To avoid Rule 12(b)(6) dismissal, a complaint must contain sufficient factual allegations “to ‘state a claim to relief that is plausible on its face.'” Ashcroft v. Iqbal, 556 U.S. 662, 678 (2009) (quoting Bell Atl. Corp. v. Twombly, 550 U.S. 544, 570 (2007)). To qualify as plausible, a claim needs sufficient factual content to support a reasonable inference of the defendant's liability for the alleged misconduct. See Id. (citing Twombly, 550 U.S. at 556). “Where a complaint pleads facts that are ‘merely consistent with' a defendant's liability, it ‘stops short of the line between possibility and plausibility of “entitlement to relief.”'” Id. (quoting Twombly, 550 U.S. at 557). “At bottom, determining whether a complaint states . . . a plausible claim for relief . . . will ‘be a context-specific task that requires the reviewing court to draw on its judicial experience and common sense.'” Francis v. Giacomelli, 588 F.3d 186, 193 (4th Cir. 2009) (quoting Iqbal, 556 U.S. at 679).

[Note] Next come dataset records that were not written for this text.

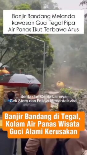 “Curah hujan dengan intensitas tinggi menyebabkan aliran sungai meluap dan menerjang kawasan Wisata Guci. Lokasi Kejadian (di) Objek Wisata Air Panas Pancuran 13 Guci,” kata Kepala Pelaksana Harian (Kalakhar) BPBD Provinsi Jawa Tengah, Bergas Catursasi Penanggungan dilansir detikJateng, Sabtu (20/12/2025).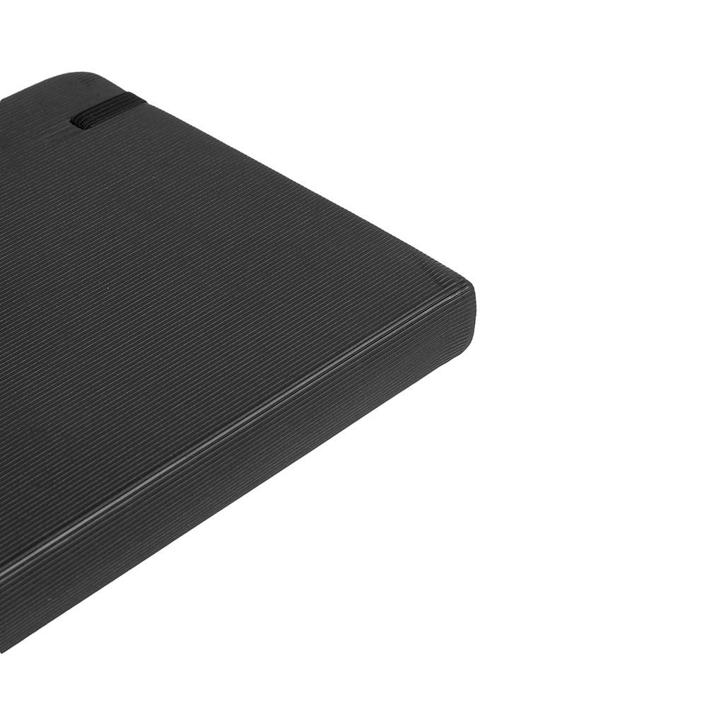 Agenda 2026 com capa dura em poliuretano (PU), marcador de páginas em cetim, porta-canetas e elástico para fechamento. Possui páginas dedicadas a dados pessoais, calendários de 2026 a 2028, lista de contatos e tabelas de pesos e medidas.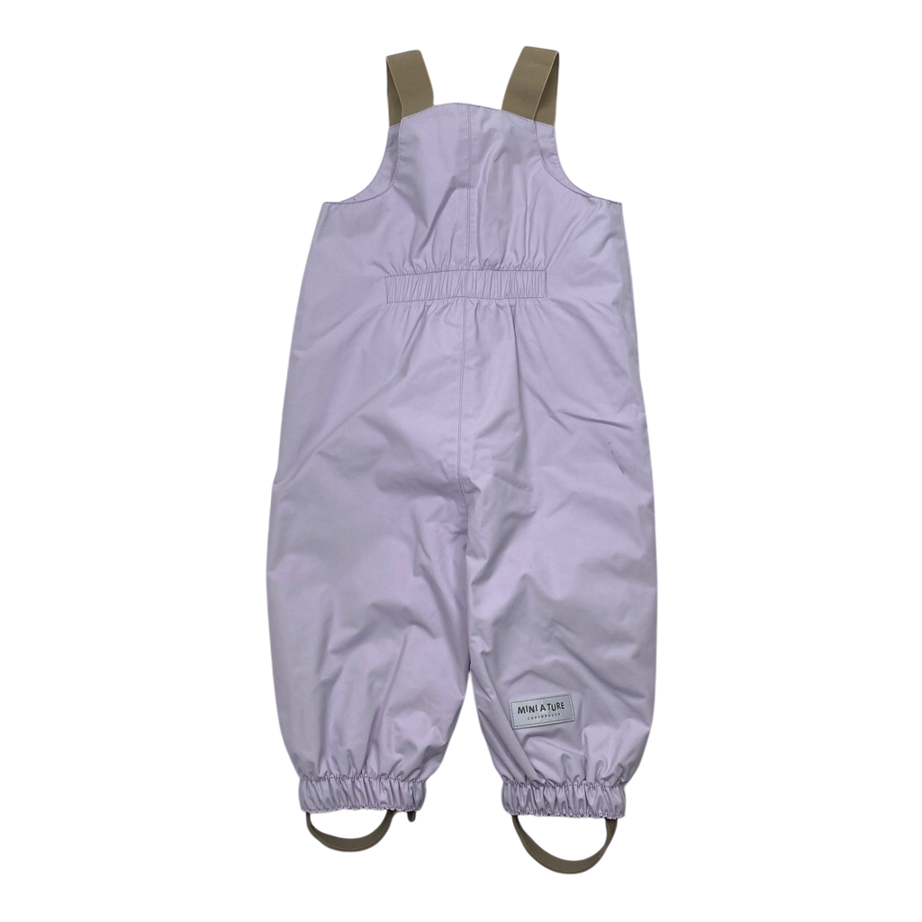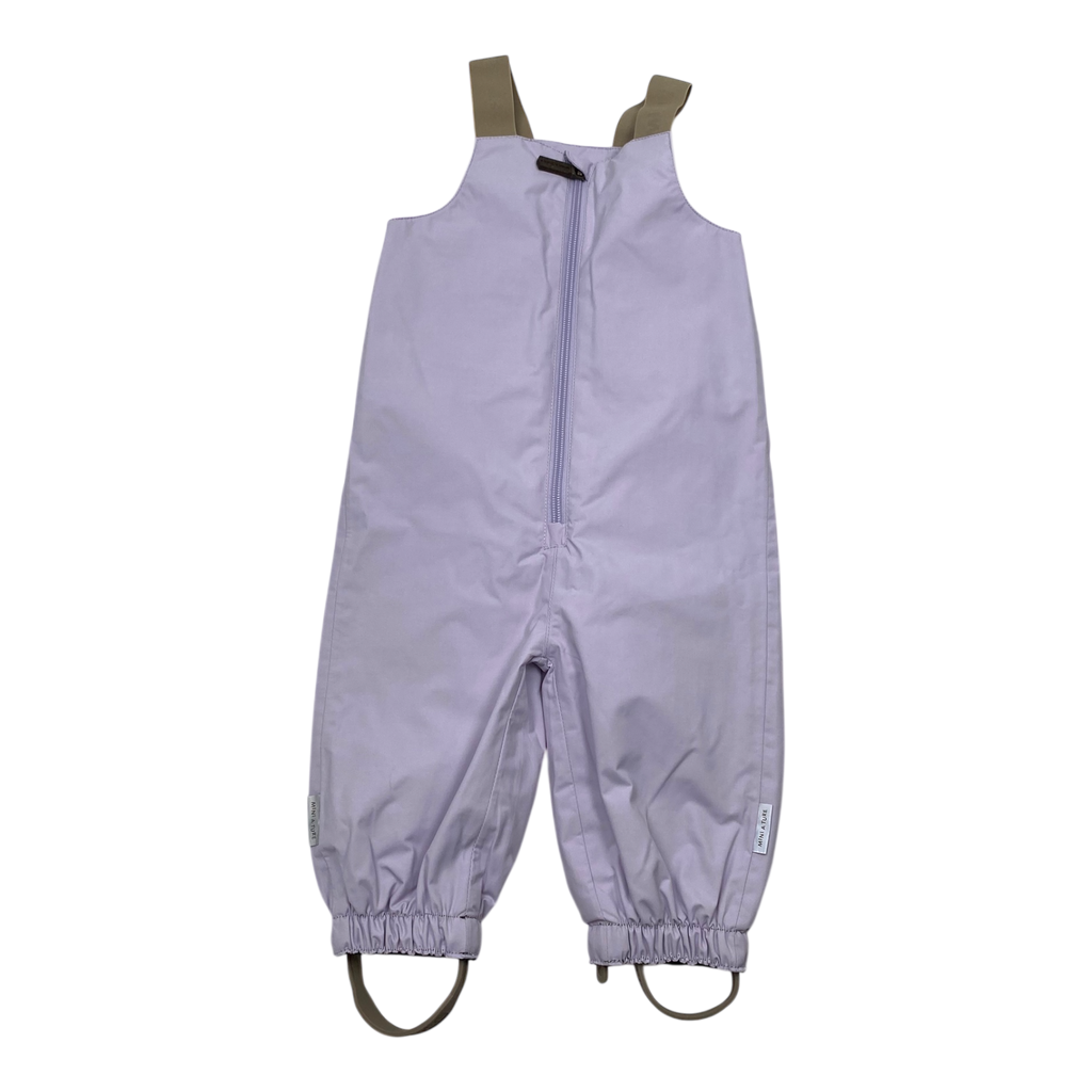 Mini A Ture Matwalentaya spring shell pants with suspenders and rubber stirrups. The item has a stain.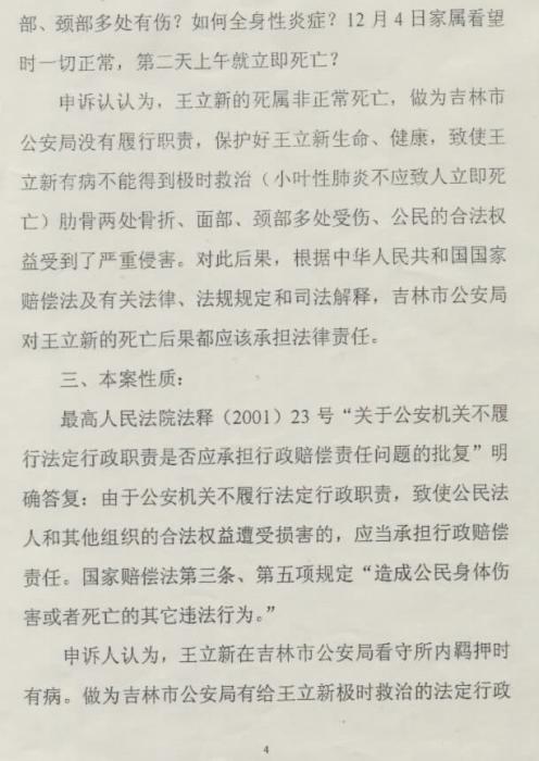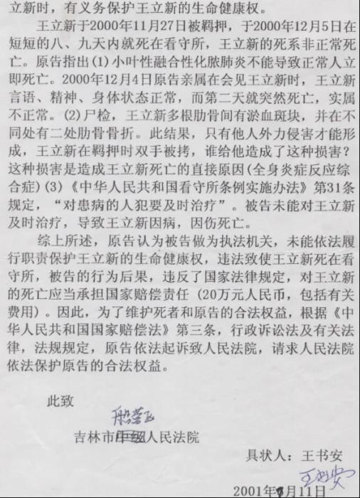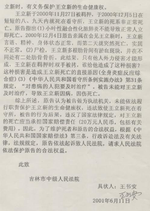 王立新于2000年11月27日被羁押,于2000年12月5日在短短的八、九天内就死在看守所,王立新的死系非正常死亡。2001年6月王立新的父亲王书安依法向吉林市中级人民法院提起了行政起诉,诉讼要求被告(吉林市公安局)赔偿20万元人民币。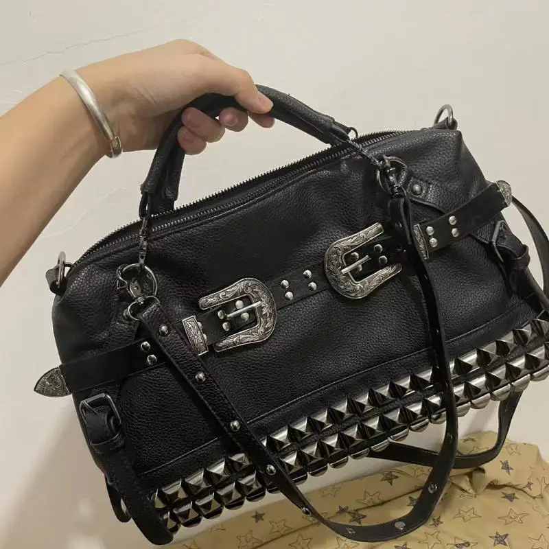 "European / American Fashion Punk Locomotive Style Metal Rivet Belt Buckle Shoulder Bag For Shoppers With Large Capacity Handbag" * Buy Now With Free Shipping Just For $38

In ruling on a Rule 12(b)(6) motion, “a court evaluates the complaint in its entirety, as well as documents attached or incorporated into the complaint.” E.I. du Pont, 637 F.3d at 448. The Court may also “[c]onsider[] . . . a document attached to a motion to dismiss . . . only when the document is ‘integral to and explicitly relied on in the complaint,' and when ‘the plaintiffs do not challenge the document's authenticity.'” Zak v. Chelsea Therapeutics Int'l, Ltd., 780 F.3d 597, 606-07 (4th Cir. 2015) (internal brackets omitted) (quoting American Chiropractic Ass'n v. Trigon Healthcare, Inc., 367 F.3d 212, 234 (4th Cir. 2004)). Generally, a “court cannot go beyond these documents” without “convert[ing] the motion [to dismiss] into one for summary judgment.” E.I. du Pont, 637 F.3d at 448. Nevertheless, “[i]n reviewing a Rule 12(b)(6) [motion, the Court] may properly take judicial notice of matters of public record.” Philips v. Pitt Cnty. Mem'l Hosp., 572 F.3d 176, 180 (4th Cir. 2009).

2. Deliberate Indifference

“Under [Section] 1983, a state actor may be liable if he ‘subjects, or causes to be subjected' an individual ‘to the deprivation of any rights, privileges, or immunities secured by the Constitution.' As a general matter, a [state actor] may incur [Section] 1983 liability only through affirmative misconduct.” Randall v. Prince George's Cnty., 302 F.3d 188, 202 (4th Cir. 2002) (quoting Parratt v. Taylor, 451 U.S. 527, 535-36 (1981)). “[Section] 1983 must be ‘read against the background of tort liability that makes a man responsible for the natural consequences of his actions.'” Vinnedge v. Gibbs, 550 F.2d 926, 928 (4th Cir.1977) (quoting Monroe v. Pape, 365 U.S. 167, 187 (1961)). Accordingly, “it must be ‘affirmatively shown that the official charged acted personally in the deprivation of the plaintiff's rights.'” Wright v. Collins, 766 F.2d 841, 850 (4th Cir. 1985) (quoting Vinnedge, 550 F.2d at 928).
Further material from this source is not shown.